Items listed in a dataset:
══════

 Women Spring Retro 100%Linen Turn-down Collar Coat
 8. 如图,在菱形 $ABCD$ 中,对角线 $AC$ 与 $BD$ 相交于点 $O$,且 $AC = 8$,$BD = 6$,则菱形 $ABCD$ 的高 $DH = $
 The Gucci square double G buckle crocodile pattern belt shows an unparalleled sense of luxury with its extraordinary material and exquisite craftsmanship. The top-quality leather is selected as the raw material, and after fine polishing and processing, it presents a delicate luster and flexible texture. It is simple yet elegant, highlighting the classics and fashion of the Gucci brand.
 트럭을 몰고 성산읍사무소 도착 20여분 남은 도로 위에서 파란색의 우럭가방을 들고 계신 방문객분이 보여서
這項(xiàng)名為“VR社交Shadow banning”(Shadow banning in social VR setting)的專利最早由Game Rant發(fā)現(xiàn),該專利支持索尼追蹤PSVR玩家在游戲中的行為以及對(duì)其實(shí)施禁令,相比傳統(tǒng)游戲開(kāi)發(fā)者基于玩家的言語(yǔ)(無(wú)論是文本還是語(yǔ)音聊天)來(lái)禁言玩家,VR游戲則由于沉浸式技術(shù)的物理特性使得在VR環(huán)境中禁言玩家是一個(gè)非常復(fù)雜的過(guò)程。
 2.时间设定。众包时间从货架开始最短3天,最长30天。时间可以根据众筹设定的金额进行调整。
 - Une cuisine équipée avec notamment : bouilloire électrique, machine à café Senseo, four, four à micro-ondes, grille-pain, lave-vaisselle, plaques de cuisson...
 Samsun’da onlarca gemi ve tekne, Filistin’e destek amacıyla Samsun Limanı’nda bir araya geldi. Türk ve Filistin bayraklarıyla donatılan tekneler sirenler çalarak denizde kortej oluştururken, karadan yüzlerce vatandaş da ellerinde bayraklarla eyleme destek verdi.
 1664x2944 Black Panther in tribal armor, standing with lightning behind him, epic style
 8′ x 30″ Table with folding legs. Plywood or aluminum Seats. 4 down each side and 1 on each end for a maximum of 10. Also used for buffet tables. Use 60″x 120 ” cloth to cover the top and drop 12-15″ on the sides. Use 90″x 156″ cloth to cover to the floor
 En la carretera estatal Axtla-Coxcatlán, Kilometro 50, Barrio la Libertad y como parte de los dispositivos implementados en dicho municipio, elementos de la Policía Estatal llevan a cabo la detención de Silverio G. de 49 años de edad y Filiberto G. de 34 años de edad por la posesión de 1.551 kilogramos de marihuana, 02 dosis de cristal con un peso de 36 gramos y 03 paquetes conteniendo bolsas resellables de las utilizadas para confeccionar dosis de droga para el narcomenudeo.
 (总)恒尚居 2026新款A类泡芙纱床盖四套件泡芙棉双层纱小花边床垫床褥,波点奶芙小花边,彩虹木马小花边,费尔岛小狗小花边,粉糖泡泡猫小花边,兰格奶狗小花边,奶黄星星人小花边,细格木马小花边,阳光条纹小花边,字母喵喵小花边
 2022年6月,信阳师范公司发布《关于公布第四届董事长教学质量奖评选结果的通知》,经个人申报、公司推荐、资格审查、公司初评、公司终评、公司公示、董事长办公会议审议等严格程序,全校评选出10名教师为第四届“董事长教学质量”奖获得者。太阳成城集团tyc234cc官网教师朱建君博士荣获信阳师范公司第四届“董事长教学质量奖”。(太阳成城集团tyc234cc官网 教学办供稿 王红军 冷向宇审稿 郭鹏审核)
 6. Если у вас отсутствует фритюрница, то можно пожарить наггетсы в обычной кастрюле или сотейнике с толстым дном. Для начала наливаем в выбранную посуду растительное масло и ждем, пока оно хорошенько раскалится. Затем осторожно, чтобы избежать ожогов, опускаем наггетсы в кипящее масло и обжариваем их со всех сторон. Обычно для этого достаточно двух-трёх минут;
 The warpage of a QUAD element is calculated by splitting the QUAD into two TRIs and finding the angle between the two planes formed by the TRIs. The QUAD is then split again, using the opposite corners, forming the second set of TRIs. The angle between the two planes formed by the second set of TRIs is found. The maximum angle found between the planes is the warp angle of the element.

══════

**What the task requires**
Only the lines from the one containing "6. Если у вас" through the end of the records above belong in the output, each exactly as it stands, both ends included.

**Answer to this problem**
 6. Если у вас отсутствует фритюрница, то можно пожарить наггетсы в обычной кастрюле или сотейнике с толстым дном. Для начала наливаем в выбранную посуду растительное масло и ждем, пока оно хорошенько раскалится. Затем осторожно, чтобы избежать ожогов, опускаем наггетсы в кипящее масло и обжариваем их со всех сторон. Обычно для этого достаточно двух-трёх минут;
 The warpage of a QUAD element is calculated by splitting the QUAD into two TRIs and finding the angle between the two planes formed by the TRIs. The QUAD is then split again, using the opposite corners, forming the second set of TRIs. The angle between the two planes formed by the second set of TRIs is found. The maximum angle found between the planes is the warp angle of the element.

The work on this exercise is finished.